Afghan Activist Malalai Joya Says the Occupation Harms Women's Rights

by Sarah Menkedick · 2009-12-01 22:00:00 -0800

Malalai Joya is often called "the bravest woman in Afghanistan." I'd go further and laud her as one of the bravest female activists in the world -- not only for standing up in front of the Afghan parliament to denounce the warlords and criminals in power, but also for intelligently and consistently speaking out against the occupation of Afghanistan.

Joya has recently written her memoir, A Woman Among Warlords, about growing up under foreign occupation in a ceaseless series of wars, running a secret school for women under the Taliban, getting elected to and then suspended from the Afghan parliament, and campaigning both at home and around the world for Afghanistan's independence.  Joya has received overwhelming support from the Afghan people, who, after her 2003 speech at Afghan's constitutional assembly, elected her in a landslide to parliament.  This did not prevent her from being illegally suspended from parliament in 2007 and threatened with rape and assassination by parliament members.  There have been several assassination attempts on Joya's life, so she spends her time dashing between public appearances and safe houses.

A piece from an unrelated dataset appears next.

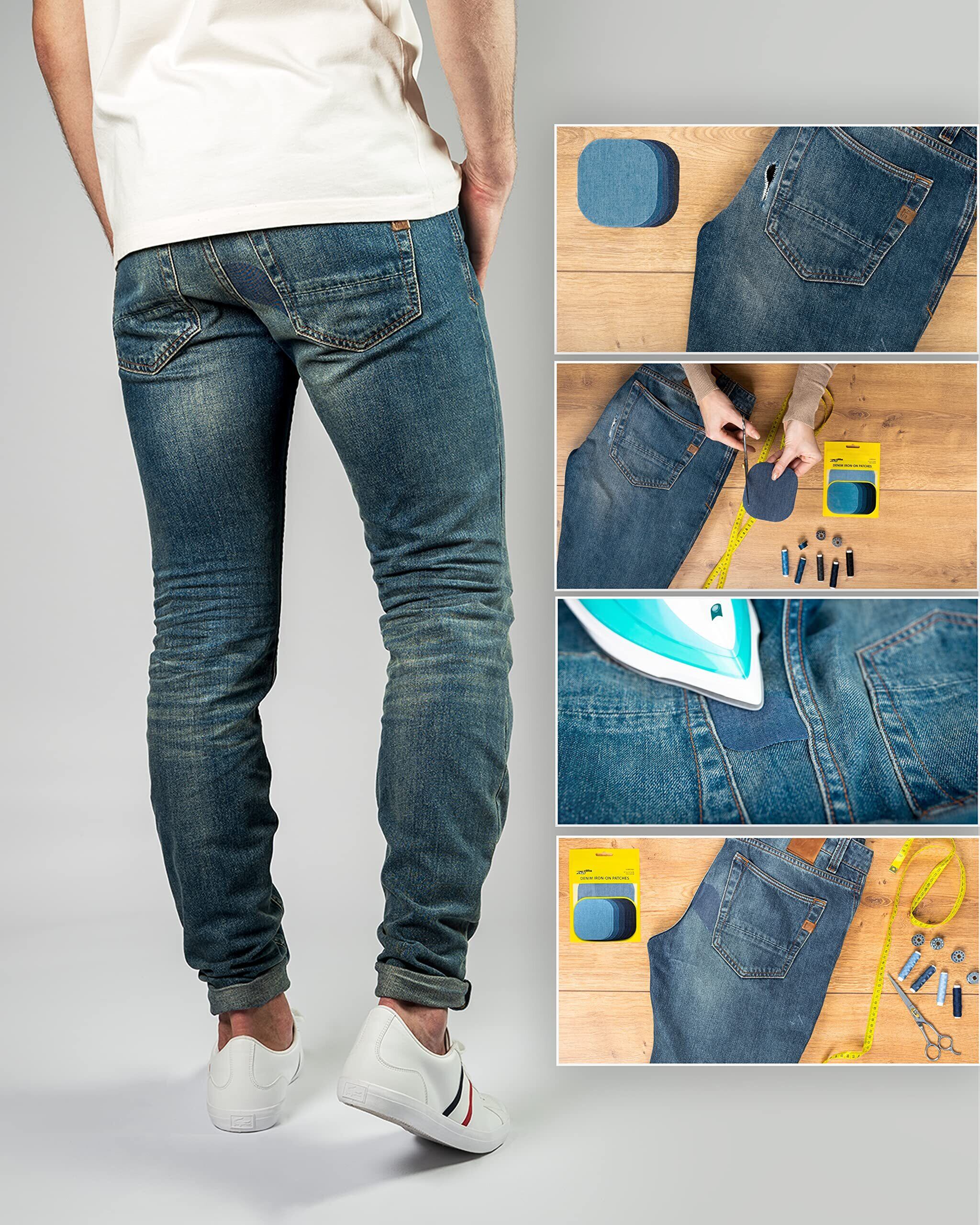 【新春セール】ZEFFFKAプレミアムクオリティデニム内側と外側のアイアンオンジーンズパッチ最強の接着剤綿100%ブルーリペアデコレーションキットのさまざまな色合い10ピースサイズ4-1/4" x 3-3/4" (9.8 cm x 10.8 cm)

Joya's discourse is an uncomfortable one for the United States.  Maybe that's why I could hardly find any articles about her in major U.S media, whereas in the first two pages of a Google search for her name I found articles from major Canadian, Australian, and British media outlets.  It's chilling what a simple Google search can demonstrate.  Joya's argument is largely ignored by the U.S press: why?

Because she is highly critical of the occupation of Afghanistan, insists Obama is not only picking up where Bush left off but intensifying the war effort and all of its disastrous consequences, and points out what none of the Anglo-Saxon occupying powers want to acknowledge: that the egregious violations of women's rights did not begin with the Taliban, but rather with the foreign occupations of Afghanistan.

Joya says that women were engaged in a struggle for independence that was making strides until back-to-back foreign invasions crushed it starting in the late 1970's.  She points out that some of the worst offenses against women were committed by mujaheddin fighters during the country's civil war from 1992-1996, countering the frequent U.S assertion that women began suffering under Taliban rule.  Joya also refutes U.S claims that women have regained rights under the U.S-installed warlord government, saying that women are as threatened as ever and have taken to self-immolation as a form of protest.  Recent U.N reports declaring rape in Afghanistan a problem of "profound proportions" support Joya's arguments.

Malalai Joya's rhetoric is not only threatening and dangerous to the warlords who run Afghanistan, but also to the occupiers who have hand-picked and supported these warlords.  No wonder her arguments are so scarce in American media.  One of the major points cited in favor of the ongoing war against Afghanistan is the "liberation" of women, but when the bravest woman in Afghanistan (and one of the country's few outspoken female activists) is denouncing the degradation of women's rights under foreign occupation, when statistics and U.N reports show that the situation of women continues to worsen, and when civilian casualties continue to rise, what is the liberation the occupying powers have in mind?  A "liberation," surely, that has far more to do with securing the interests of the United States than with the realities, needs, and interests of Afghan women.

Photo Credit: AfghanKabul


Sarah Menkedick is a freelance writer currently based in Oaxaca, Mexico. She has spent the last five years teaching, writing and traveling on five continents. She regularly writes about women's rights.